Implementation Guide: Screening Checklist for Operators
For upstream asset teams and corporate strategy functions, the first question is not how to engineer the cable, but whether a project belongs in the priority electrification pipeline at all. A structured screening process can avoid misallocating capital.
- Resource and field life: Confirm remaining 2P reserves and production plateau duration. Projects with >15 years of remaining economic life are stronger candidates.
- Distance and bathymetry: Evaluate route length, water depth and seabed conditions. Segments beyond 200 km or in very deep water significantly increase CAPEX and risk.
- Grid carbon intensity: Estimate current and projected grid emissions (gCO₂/kWh). Prioritize grids on a decarbonization pathway aligned with corporate targets.
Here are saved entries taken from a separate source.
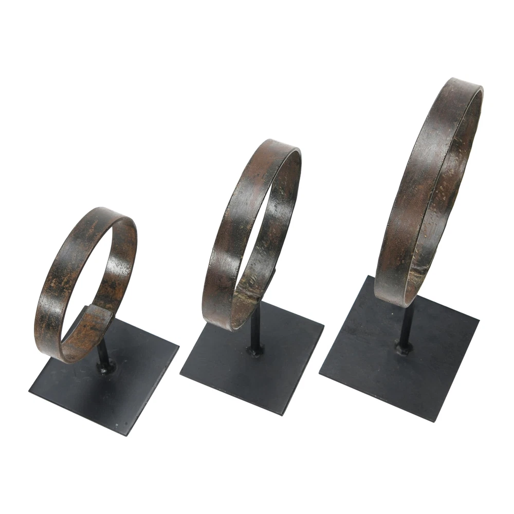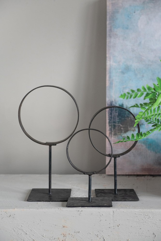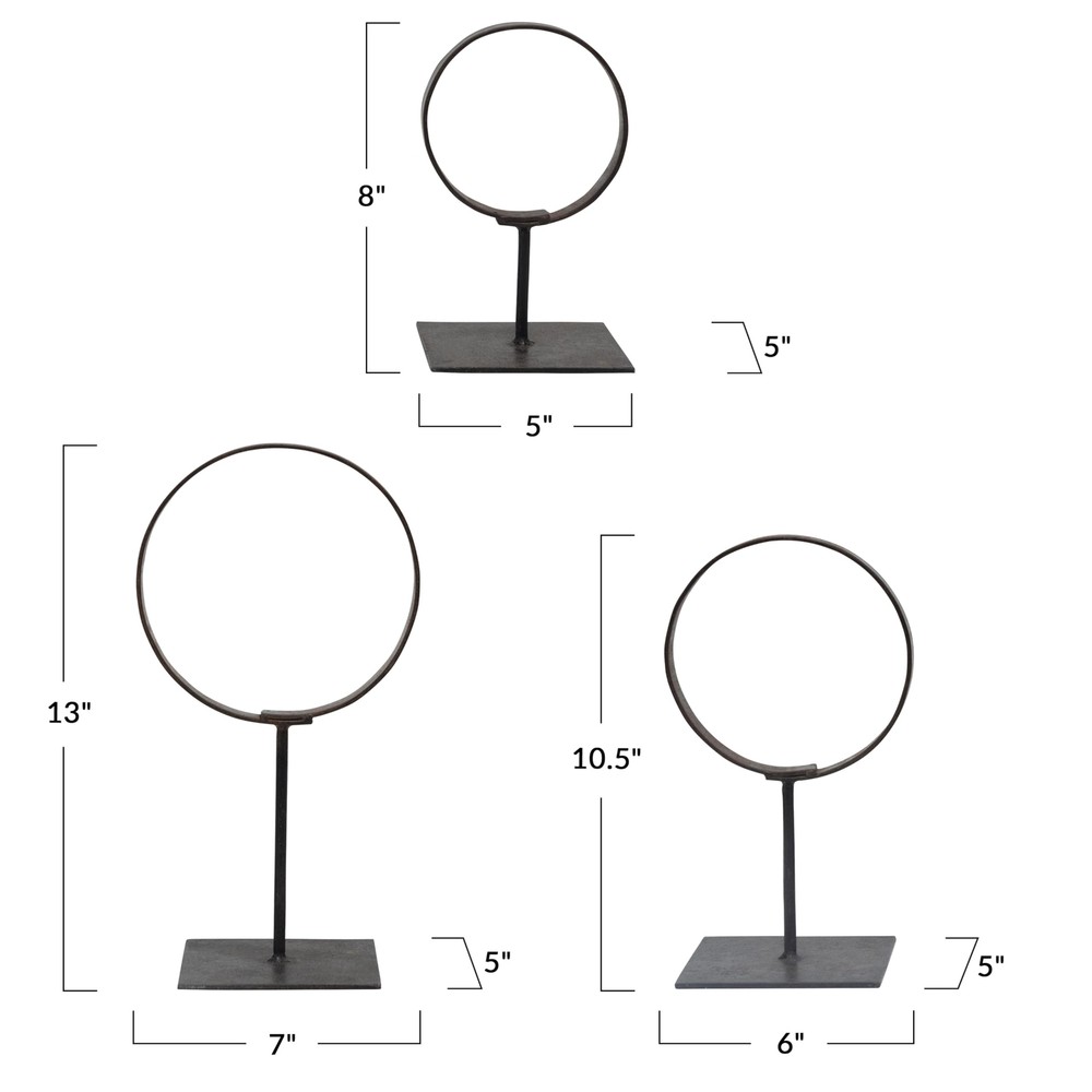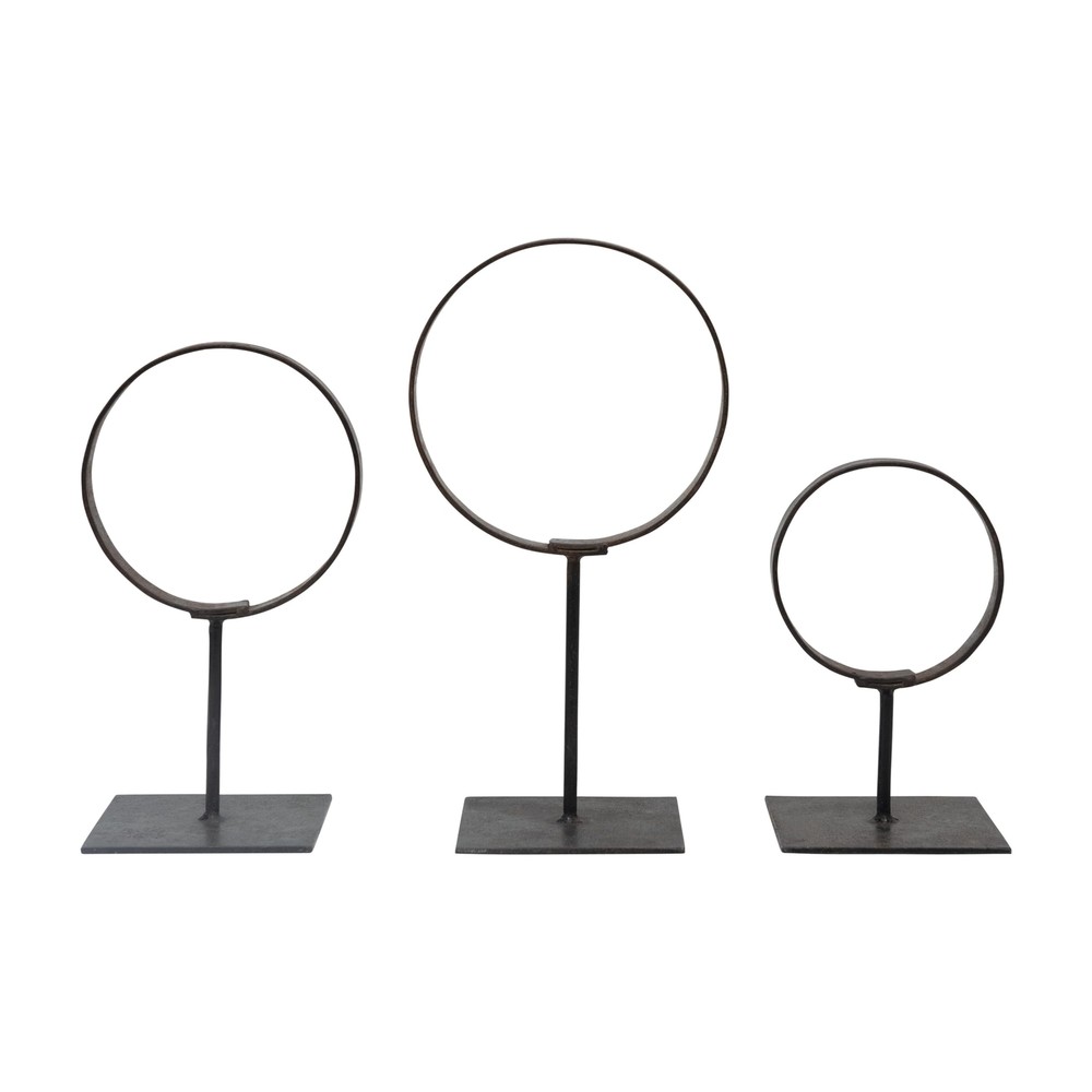 Created from found iron, this set of 3 metal rings on stands have a naturally rustic appearance that allows them to easily stand out from the rest of your home or office decor. Featuring a combination of a clean design and a rugged look, they add character and personality to any decorative setting that they are featured in. Display these unique decor proudly as part of your desk, table, or shelf decorations in the bedroom, living room, hallway, or entrance area. They are a wonderful option for any modern rustic or industrial themed setting and look especially striking paired with other small decorative items on a console or end table. This set of 3 found metal accents gives you an amazing way to add personality to your table, shelf, or desk decor; its combination of clean design and rugged coloring, makes it a wonderful conversation piece Expertly crafted from iron, this house decor has a strong and durable construction; the rings in the design have a naturally distressed finish that gives the piece unique class and visual appeal Show off your design style by displaying these shelf decor in an easily visible area in your living space; this set will beautifully complement a modern rustic or industrial design scheme For a striking look, display this table decor paired with other small accents, such as bookends, vases, and candleholders on a hallway console From the tallest to the shortest these bookshelf decor measure 7" L x, 5" wide, and 13" high; 6" L x, 5" wide, and 10.5" high; and, 5" L x, 5" wide, and 8" high
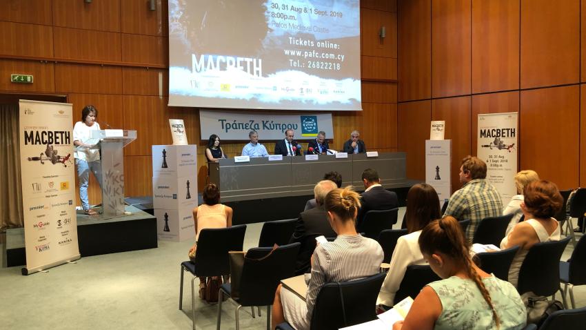 Η επίσημη εξαγγελία των παραστάσεων του Pafos Aphrodite Festival 2019, έγινε στη διάρκεια Συνέντευξης Τύπου που πραγματοποιήθηκε στο Κτήριο Κεντρικής Διοίκησης της Τράπεζας Κύπρου στη Λευκωσία, όπου παρουσιάστηκε η πολύ ενδιαφέρουσα διάσταση αυτού του οπερατικού θρίλερ, στο οποίο ο Verdi υπερβαίνει τα συμβατικά πλαίσια της εποχής του και συνθέτει ένα έργο με θεατρική δύναμη και με χαρακτήρες που διαθέτουν πρωτόγνωρο ψυχολογικό βάθος και ένταση, ενώ με τη δεξιοτεχνική ενορχήστρωση του επιτυγχάνει να σκιαγραφήσει θεαματικά τη βία, τη συνομωσία και το θάνατο. Όπως αναφέρθηκε, η έντονα τραγική και δραματική πλοκή του έργου, αφορά στην αναρρίχηση του Στρατηγού Macbeth στο θρόνο της Σκωτίας, αφού προηγουμένως δολοφόνησε το Βασιλιά Duncan και το Στρατηγό Banquo. Στην εκρηκτική όπερα, παρακολουθούμε το έγκλημα που διαπράττεται εξαιτίας της φιλοδοξίας της Λαίδη Macbeth και της ηθικής αδυναμίας του Στρατηγού Macbeth, οι οποίοι στο τέλος υποφέρουν από τα κακά σχέδια που εφάρμοσαν και πληρώνουν το τίμημα των πράξεων τους.
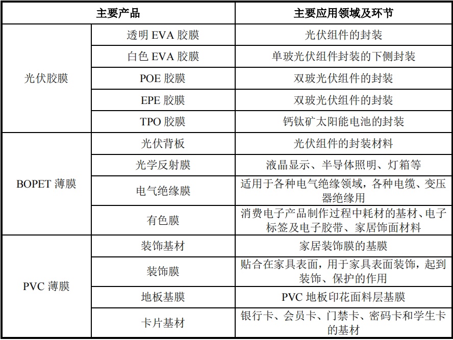 据招股书,百佳年代是一家从事功能性薄膜研发、生产和销售的高新技术企业。自2007年成立一来,公司一直专注于功能性薄膜行业,经过在功能性薄膜行业超过15年的深耕,公司已经形成了“产品种类丰富、下游应用广泛、核心产品突出”的良好局面。目前,公司主要产品包括光伏胶膜、BOPET薄膜、PVC薄膜、PC薄膜、胶粘剂及涂层材料等,公司产品广泛应用于光伏组件、消费电子和家居装饰等行业。
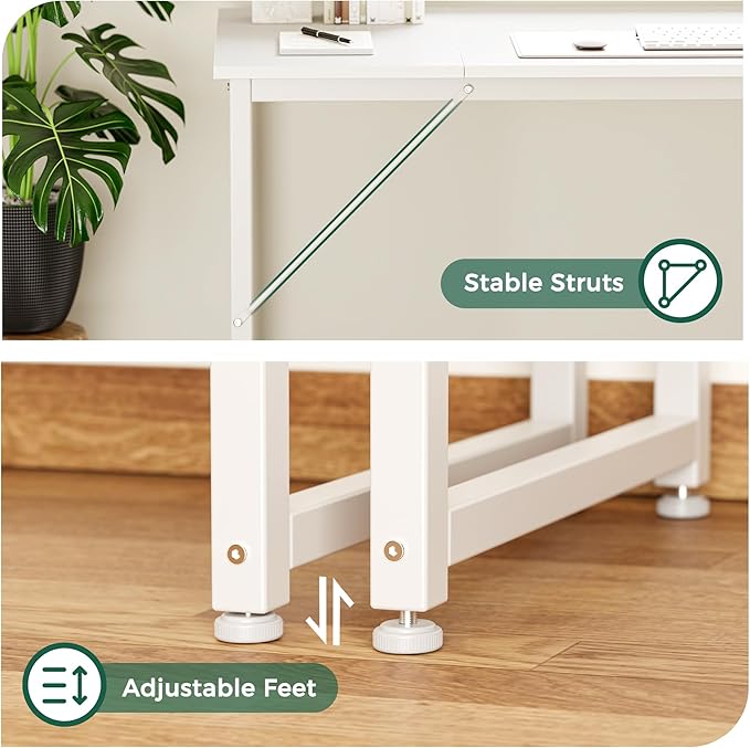 - 【Long Desk】Seek a desk with ample room to spread out? This sleek white desk with a wide desktop - 78.7''x23.6'' offers the perfect solution for your study, kid's room, or home office. With plentiful storage space, it easily holds your computer, calendar, lamp, and other essentials, leaving you with plenty of space to tackle your tasks with ease
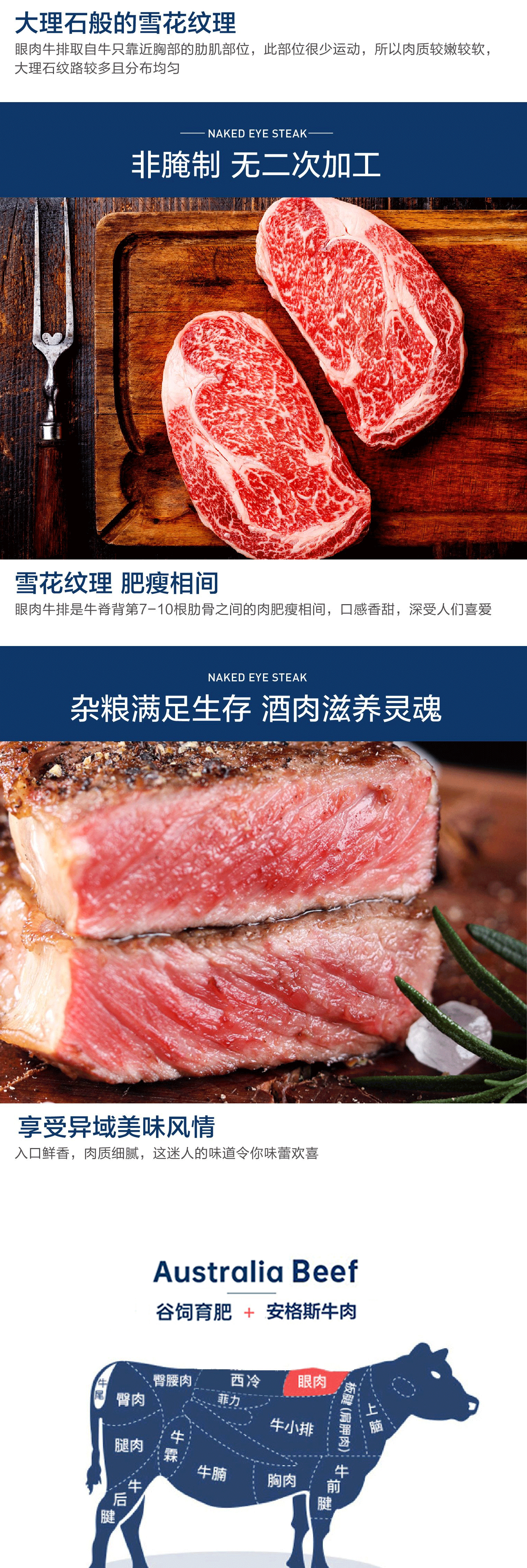澳洲Ji佳级谷饲安格斯 眼肉牛扒 雪花牛扒 肉质细密鲜嫩 适合煎食.烧烤 500g装
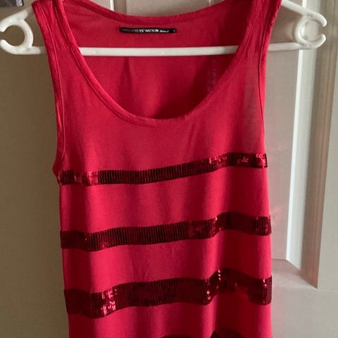 Marks & Spencer-merkkinen hihaton vaaleanpunainen toppi, jossa on edessä paljetti- ja helmikoriste. Kerran käytetty. UK koko 14, joka vastaa n. kokoa L.
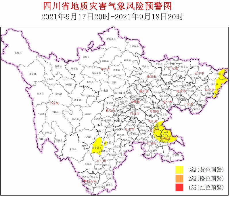 四川省地质灾害指挥部办公室发布消息称,9月17日20时~9月18日20时,地质灾害气象风险3级黄色预警区域为达州万源市、宣汉县、开江县,内江市中区、东兴区、隆昌市,自贡大安区、沿滩区、富顺县,宜宾南溪区、江安县,泸州江阳区、龙马潭区、纳溪区、合江县、泸县,凉山州西昌市、喜德县、冕宁县、越西县等6市(州)20个县(市、区)。
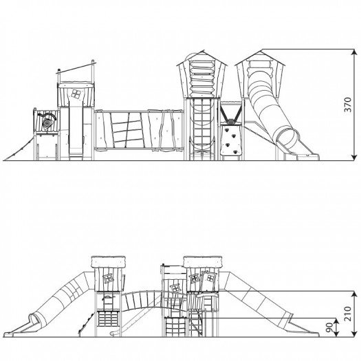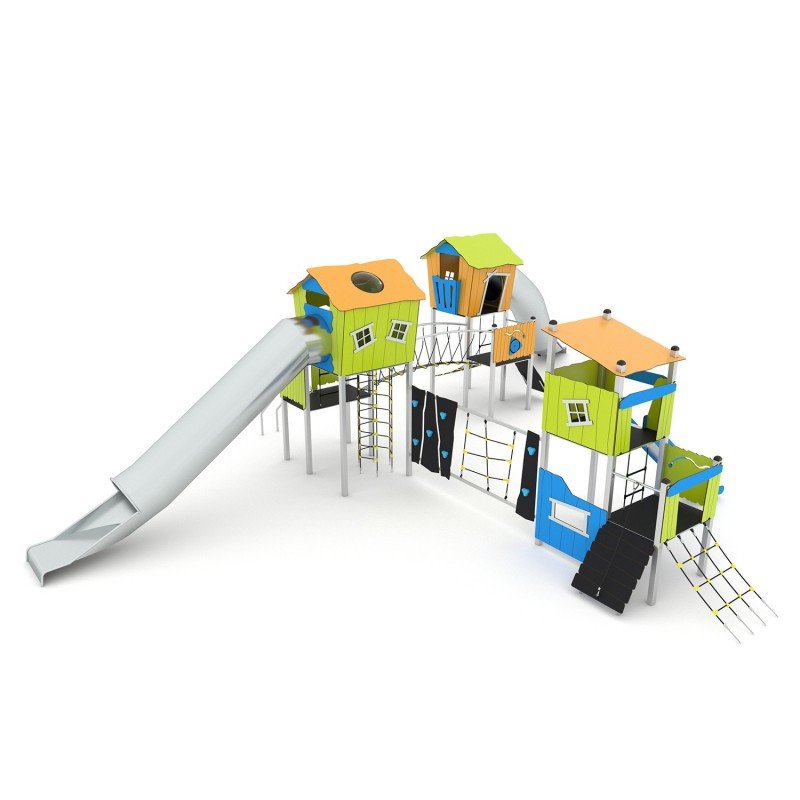 Aukštos kokybės žaidimų kompleksas su nerūdijančio plieno konstrukcija ir patvariais HDPE, HPL elementais. Konstrukcija yra saugi – nėra aštrių briaunų ar pavojingų angų, tinkama naudoti viešosiose žaidimų aikštelėse. Įrangai suteikiama garantija, priklausomai nuo komponentų tipo. Produktas sertifikuotas pagal EN 1176-1:2017+A1:2023 standartą.

- Policy environment: Map carbon pricing, emissions performance standards and any electrification mandates across jurisdictions, as these shape both economics and social licence.
- Synergies with offshore wind: Identify existing or planned wind hubs. Cable-sharing or hybrid hub designs can materially reduce per-MW connection costs.
- Stakeholder alignment: Ensure joint venture partners, regulators and communities share a sufficiently long-term perspective to support the project.
Platforms that score highly across these criteria are strong candidates for more detailed techno-economic assessments and front-end engineering design (FEED) work.
Methodology note: All cost and performance values in this article are stylised and indicative, based on typical 2026 supply chain conditions, and should not be interpreted as binding offers or project-specific estimates. Individual project economics can deviate materially due to local regulatory, technical and contractual factors.